January 8, 2026
AI Fleet Learning
A major reason AI will soon surpass humans in all jobs is what I call “fleet learning.”
In San Francisco, where I live, there are roughly 1000 Waymo autonomous taxis, which now account for about 25% of the ride-share rides in the city. Waymo is expanding its fleet with new configurations, and will soon be joined by several other autonomous taxi companies. I generally prefer using an autonomous taxi for one reason: safety. Waymo consistently experiences 80% to 90% fewer accidents than human-driven taxis or rideshares. Why?
One reason is the multiplicity of sensors they have, looking in every direction with optics and radar, plus they don't get angry, and they obey all traffic laws to the letter. But the biggest reason is “fleet learning.” Whenever anything does go wrong, engineers at headquarters examine all the factors and then modify the programming to mitigate that situation should it arise again - not just for the car in question, but for the whole fleet! Uber drivers learn and get better with experience, but only the individuals, not the whole collection of Uber drivers. Presumably, the Waymo learnings stay within the Waymo fleet, but they could be passed on to other autonomous taxi companies.
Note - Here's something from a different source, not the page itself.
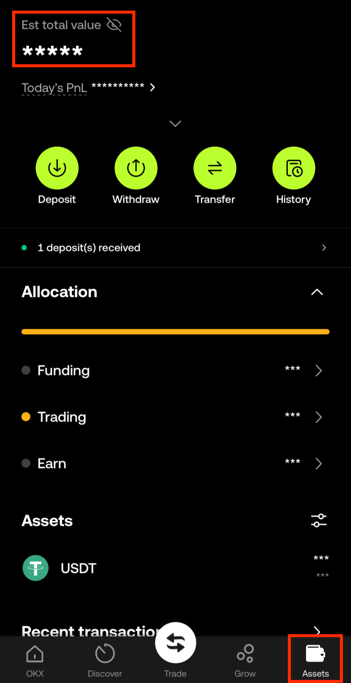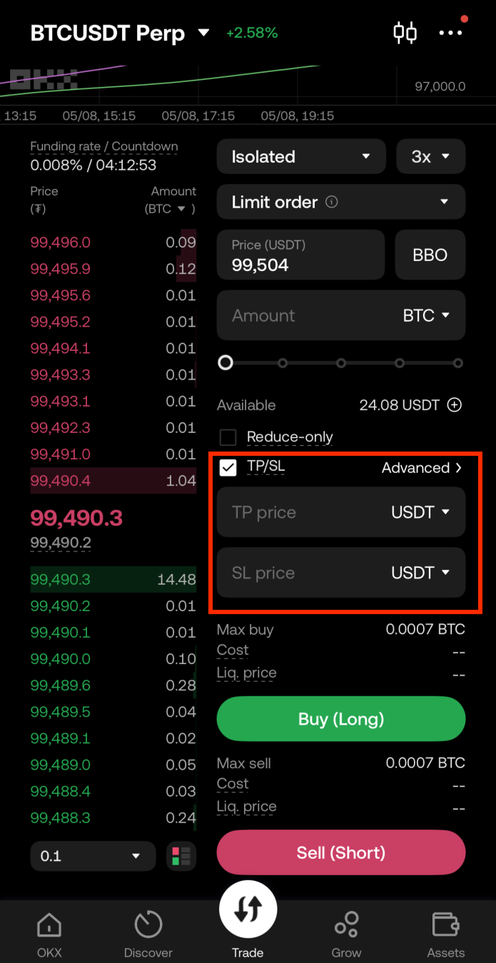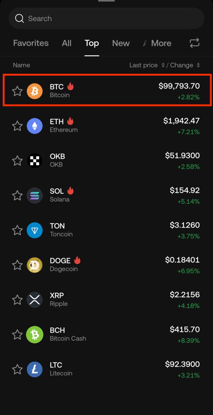 - OKX 앱을 실행하고, 하단 메뉴에서 'Trade'를 클릭합니다.

Let's apply this analogy to another profession - say, radiology. The process of learning radiology involves many years of college followed by more years of internship and clinical practice to achieve a minimum level of competence. To stay competent, radiologists must continue to read journal papers, go to conferences, read books, and practice other very slow and hit-or-miss methods of learning. On the other hand, if AI radiologists were built into, say, MRI machines, and all of these AI entities were connected at some global hub, then any new knowledge or discovery could immediately be programmed or accessed by all the other AI-driven MRI machines. I am confident that this scenario will happen, if it hasn't started already.
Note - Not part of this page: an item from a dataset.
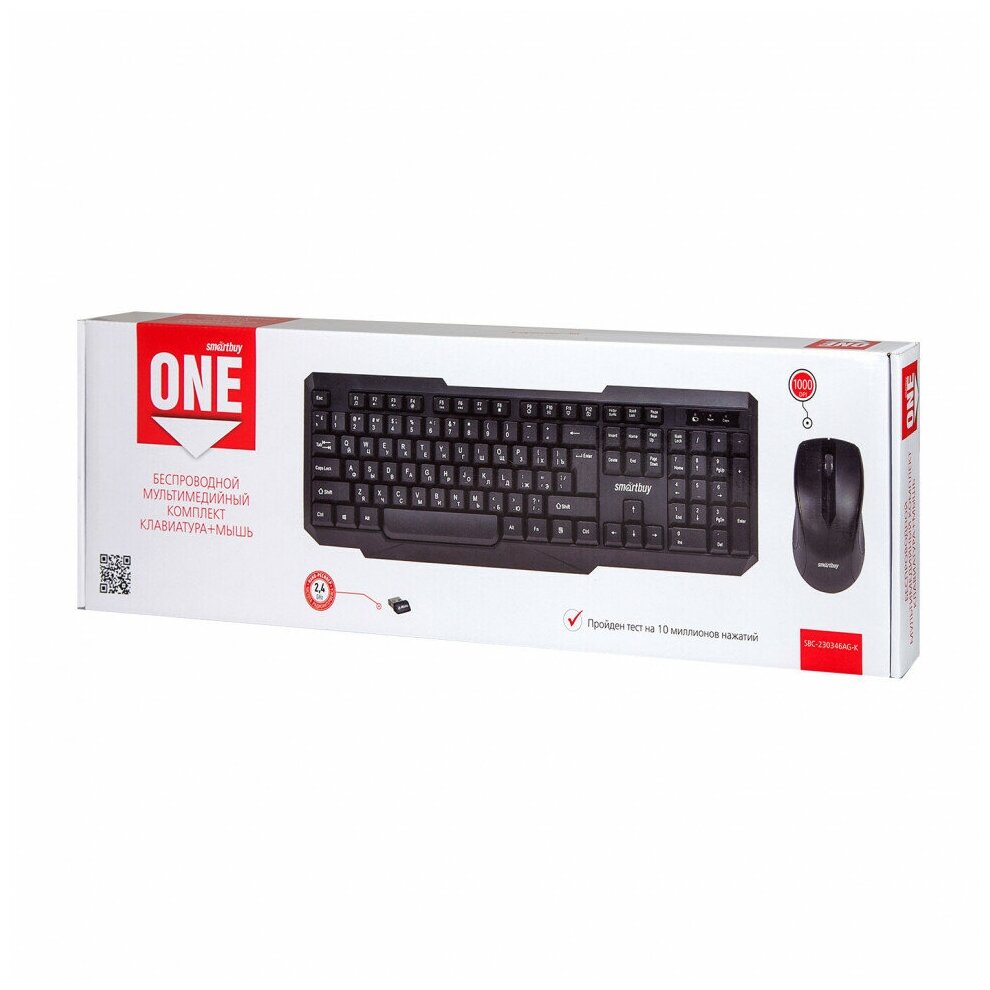 Клавиатура + мышь SmartBuy ONE, беспроводная, USB, черный (SBC-230346AG-K)

In San Francisco, there will be competition among fleets of auto-taxis. Those fleets that learn the fastest and most fully will be the most profitable, and the riders will benefit from the increasing safety and lowered costs due to the competition. In other professions, there will certainly be similar kinds of AI-driven “fleet competition” that will be very beneficial for humans, if they can afford it when they have no jobs.